Kids grow up fast. One day you’re carefully curating their television-watching (and watching along with them), the next you’re tapping away on your computer in another room when you’re hit with an obnoxious cocktail of synthy pop music, canned laughter, and smart-mouthed sassiness. In my household, the change seemed to happen overnight as my 9-year-old daughter finally succumbed to the Disney Channel’s marketing machine. She ditched Spongebob, Phineas, and Ferb—esteemed friends who had served as her bridge from childhood to that advertiser-targeted demographic known as tweendom—and loaded up the DVR with a bunch of live-action, original Disney programs I’d never heard of.
If she’d been born a few years earlier, I would have probably been facing a Hannah Montana situation. But Disney’s massively successful flagship series ended its run in early 2011, leaving the network and its chief rival, Nickelodeon, to cast about for new shows to inherit the mantle.

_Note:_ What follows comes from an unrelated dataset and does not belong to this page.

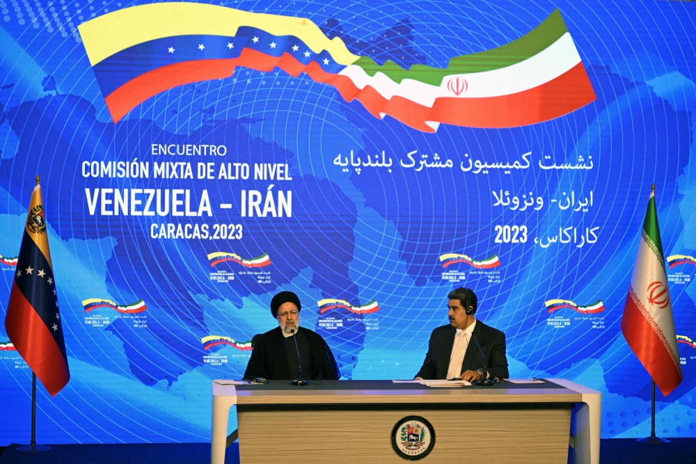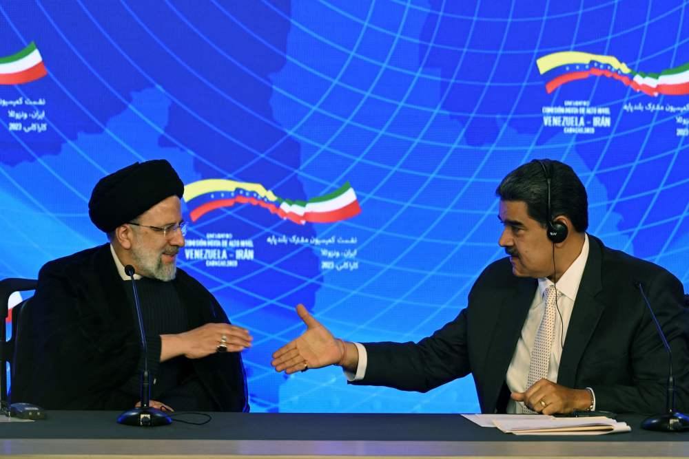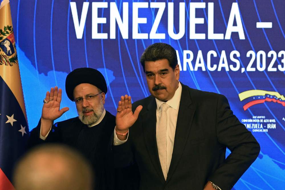 6月12日,在委内瑞拉首都加拉加斯,委内瑞拉总统马杜罗(右)与伊朗总统莱希出席联合新闻发布会。新华社/法新

On Hannah, Miley Cyrus played Miley Stewart, typical student by day, bewigged pop sensation Hannah Montana by night. The conceit of the program had Cyrus’s character striving to live a normal life by concealing her celebrity from all but her family and her most trusted friends. What’s unsettling about many of the shows that have come along since is that the narcissistic courting of fame and attention is central to the characters’ existence, making them a sort of fictional counterpart to the ever-younger contestants on reality competitions like American Idol and The X Factor.
Some of the Hannah Montana-inspired shows have already come and gone. There was Disney’s Jonas L.A., which saw the Jonas Brothers playing pop stars moonlighting as secret agents; Disney’s Sonny With a Chance, which starred Demi Lovato as a teen who lands a role on her favorite sketch comedy show; Nickelodeon’s Victorious, which centered on an aspiring singer (Victoria Justice) at an elite performing arts school; and Nickelodeon’s iCarly, which starred Miranda Cosgrove as Carly, the creator and star of her own popular web series.

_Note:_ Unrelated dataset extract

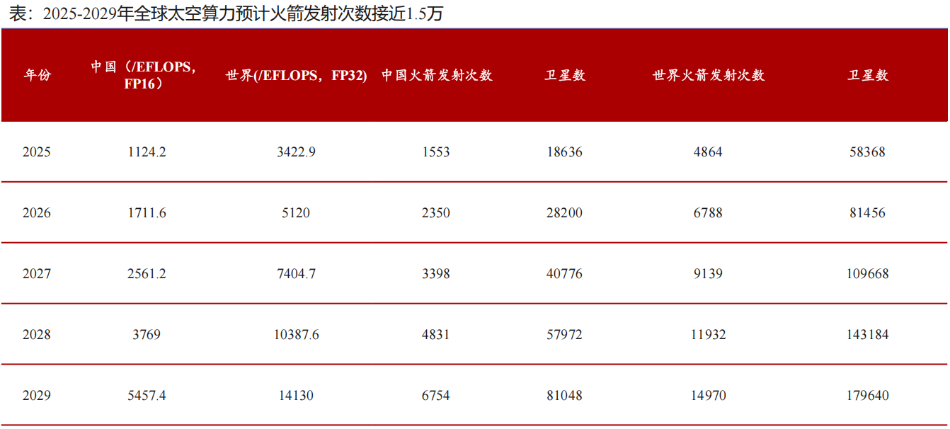 以“三体”星座作为参考,其首次发射共搭载12颗算力卫星,总计携带5POPS的算力。若2029年全球算力的2%转移到太空,对应中国6800次火箭发射,全球1.5万次火箭发射。目前执行组网卫星发射任务的仍然以国家队“长征”系列为主,长征系列低轨运力相比 SpaceX猎鹰系列差距较大,且其需承担军方、探月等多个重要工程,我国火箭总运力严重受限。

Among the series currently in production, tinkering with the kids-and-fame formula is still the order of the day. (One of the few exceptions, Disney’s A.N.T. Farm, is set at the Advanced Natural Talent high school program, and the characters are all child prodigies; other than the family comedy Good Luck, Charlie, you’d be hard-pressed to find a Disney show featuring ordinary kids.) I watched plenty of bad TV growing up; long after I should have known better, I still preferred Joanie Loves Chachi to MASH. But critics have observed a renaissance in children’s programming—which includes shows on Disney and Nick; meanwhile, it's now commonplace to suggest that scripted television for adults has surpassed film in terms of originality and risk-taking.
But a rising tide apparently does not lift all boats: the networks’ tween sitcoms are, on the whole, contrived and uninspired. Perhaps that will someday change. Until then, here is a brief guide to help you distinguish the celebrities and the wannabe celebrities from the kids of celebrities and the attention-seeking dog currently populating the airwaves.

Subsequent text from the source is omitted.